[Data provided]

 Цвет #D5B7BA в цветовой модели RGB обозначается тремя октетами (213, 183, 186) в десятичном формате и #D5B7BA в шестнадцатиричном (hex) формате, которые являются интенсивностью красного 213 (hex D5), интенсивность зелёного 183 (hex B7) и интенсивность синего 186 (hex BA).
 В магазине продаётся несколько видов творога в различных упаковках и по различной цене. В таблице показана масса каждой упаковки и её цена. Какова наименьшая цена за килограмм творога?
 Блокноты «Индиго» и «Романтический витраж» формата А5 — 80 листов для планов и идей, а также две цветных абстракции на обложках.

[/Data provided]
[Data provided]

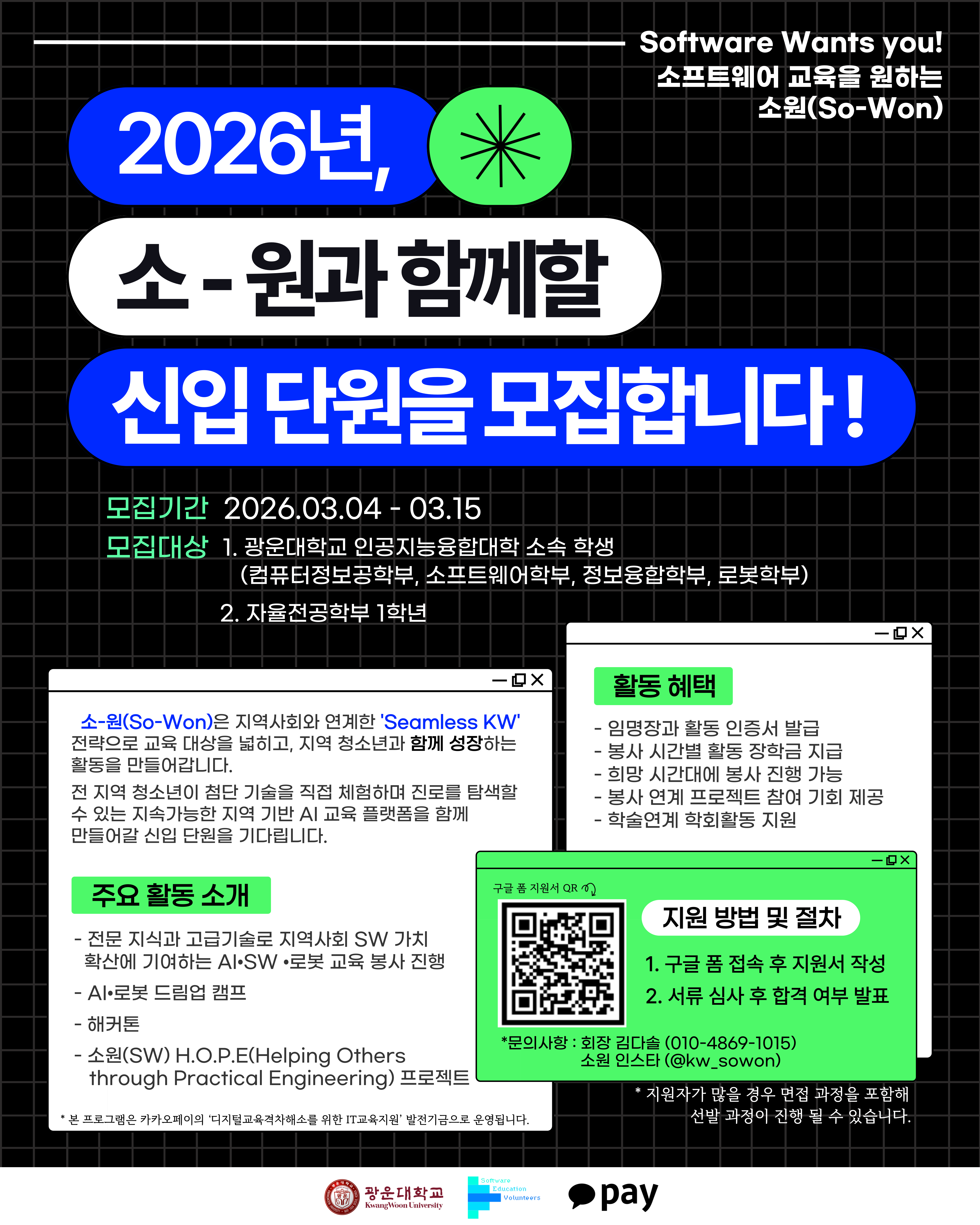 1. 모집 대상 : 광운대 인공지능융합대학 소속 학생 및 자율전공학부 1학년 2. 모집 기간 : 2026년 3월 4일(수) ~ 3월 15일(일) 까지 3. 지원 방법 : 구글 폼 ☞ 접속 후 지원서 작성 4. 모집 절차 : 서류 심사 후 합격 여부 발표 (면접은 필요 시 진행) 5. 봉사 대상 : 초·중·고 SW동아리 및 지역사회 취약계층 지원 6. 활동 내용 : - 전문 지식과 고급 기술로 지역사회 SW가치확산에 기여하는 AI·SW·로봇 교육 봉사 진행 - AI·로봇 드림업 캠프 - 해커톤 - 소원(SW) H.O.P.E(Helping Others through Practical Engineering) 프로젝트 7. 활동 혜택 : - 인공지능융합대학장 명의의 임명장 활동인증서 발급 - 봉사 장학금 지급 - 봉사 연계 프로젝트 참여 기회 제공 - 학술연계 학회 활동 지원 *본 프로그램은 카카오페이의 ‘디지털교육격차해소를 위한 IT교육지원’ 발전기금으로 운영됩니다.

[/Data provided]

§ Exercise aim: Write down exactly the span of lines above from the one containing "Цвет #D5B7BA в" to the one containing "абстракции на обложках.", both ends included.

§ Task response:
 Цвет #D5B7BA в цветовой модели RGB обозначается тремя октетами (213, 183, 186) в десятичном формате и #D5B7BA в шестнадцатиричном (hex) формате, которые являются интенсивностью красного 213 (hex D5), интенсивность зелёного 183 (hex B7) и интенсивность синего 186 (hex BA).
 В магазине продаётся несколько видов творога в различных упаковках и по различной цене. В таблице показана масса каждой упаковки и её цена. Какова наименьшая цена за килограмм творога?
 Блокноты «Индиго» и «Романтический витраж» формата А5 — 80 листов для планов и идей, а также две цветных абстракции на обложках.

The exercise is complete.